Выходя из кантины, я думал о том, какую вещь положил бы рядом с теткой, будь у нее всамделишная, просторная гробница, заставленная кувшинами с оливковым маслом.
И где теперь ее душа? Каково ей видеть бенгальский огонь в печи, белую остывшую золу и еще – свой похоронный кубок с дурацким шпилем, который я сначала положу в шляпную коробку, а потом уберу с глаз подальше: под шестидесятый градус долготы, пятьдесят девятый градус широты, на место ровное, отложистое, чрезвычайных круч и глубоких рвов не имущее, под знак небесный Урса Майор.
* * *
Усилие шатунов, тяжелый выдох пара, усыпительное постукивание по стыкам – я люблю старые поезда, хотя ненавижу слабый чай и сажу в умывальнике. То же и с Лилиенталем: несмотря ни на что, я люблю этого пижона, позабывшего родную речь, стоящего в дверях Лиссабона, как тигр под воротами даосского храма.

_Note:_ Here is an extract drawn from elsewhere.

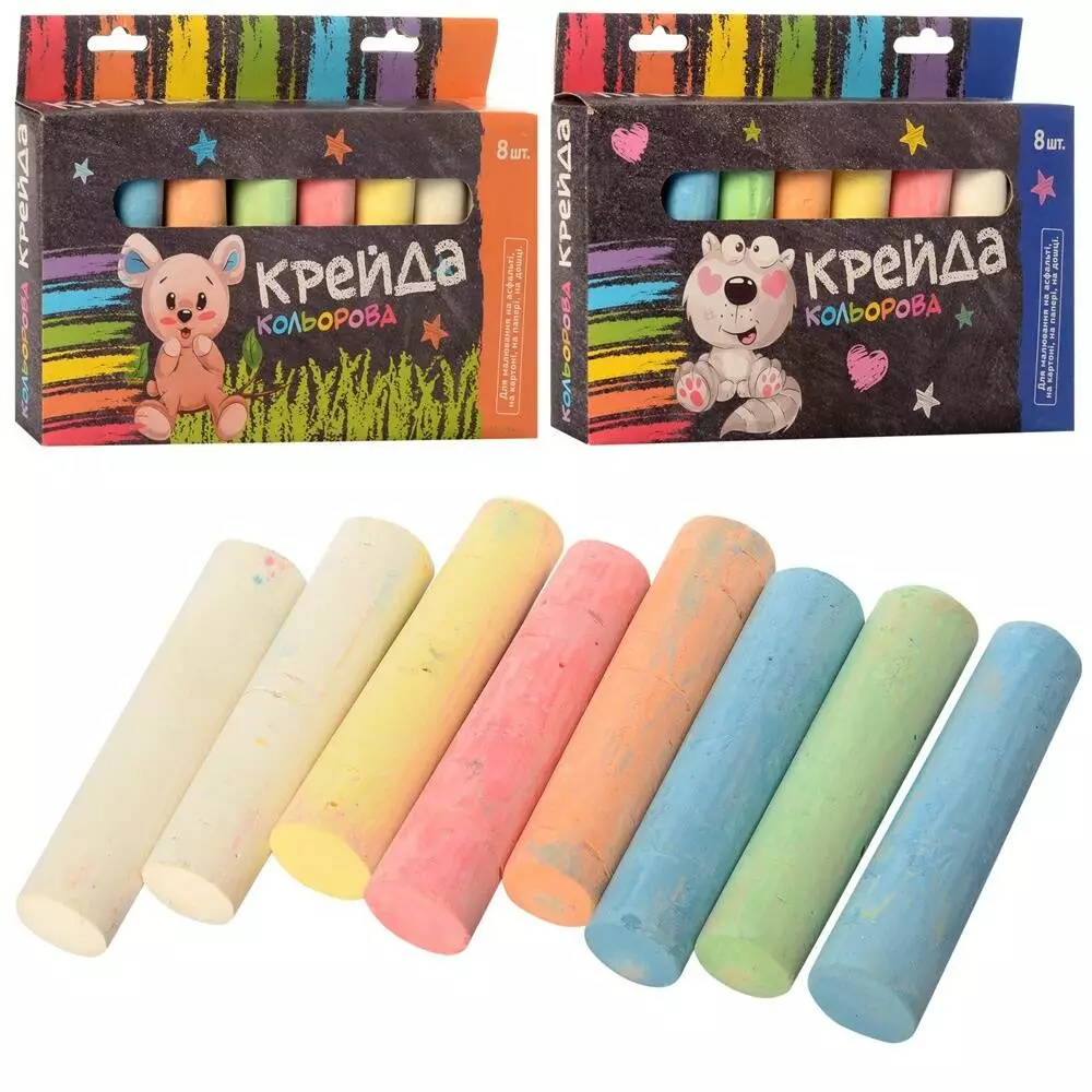 Крейда MK 0215 8 шт., велика, кольорова (8 кольорів), 2 види, кор., 19,5-13,5-2,5 см.

Я встретил его в забегаловке с фаду, где обедал, если было туго с деньгами, – вечно пустой клуб прятался в шиадском переулке, старый хозяин был за повара и готовил как умел. После полудня на дощатую сцену выходила певица, завернутая в черную пашмину, и заводила Elle tu l'aimes. Еще там были витражные окна, летом солнце попадало в зал только через желтые стекла, а зеленые хранили прохладу.
Однажды я пришел туда вечером и удивился – в клубе было полно народу, барная стойка раздвинулась, и за ней обнаружилась печь, где на вертеле крутился здоровенный окорок. Подавальщик принес мне счет вместе с рюмкой жинжиньи, по утрам такого не бывало.
У меня болело горло, и я выпил ее залпом. Такой же поднос с рюмкой он принес парню, сидевшему возле окна, тот отодвинул угощение и произнес, ни к кому не обращаясь:
– И как теперь встать, блядь? Вот как теперь встать?
– Перебрал немного? – спросил я, услышав русскую речь.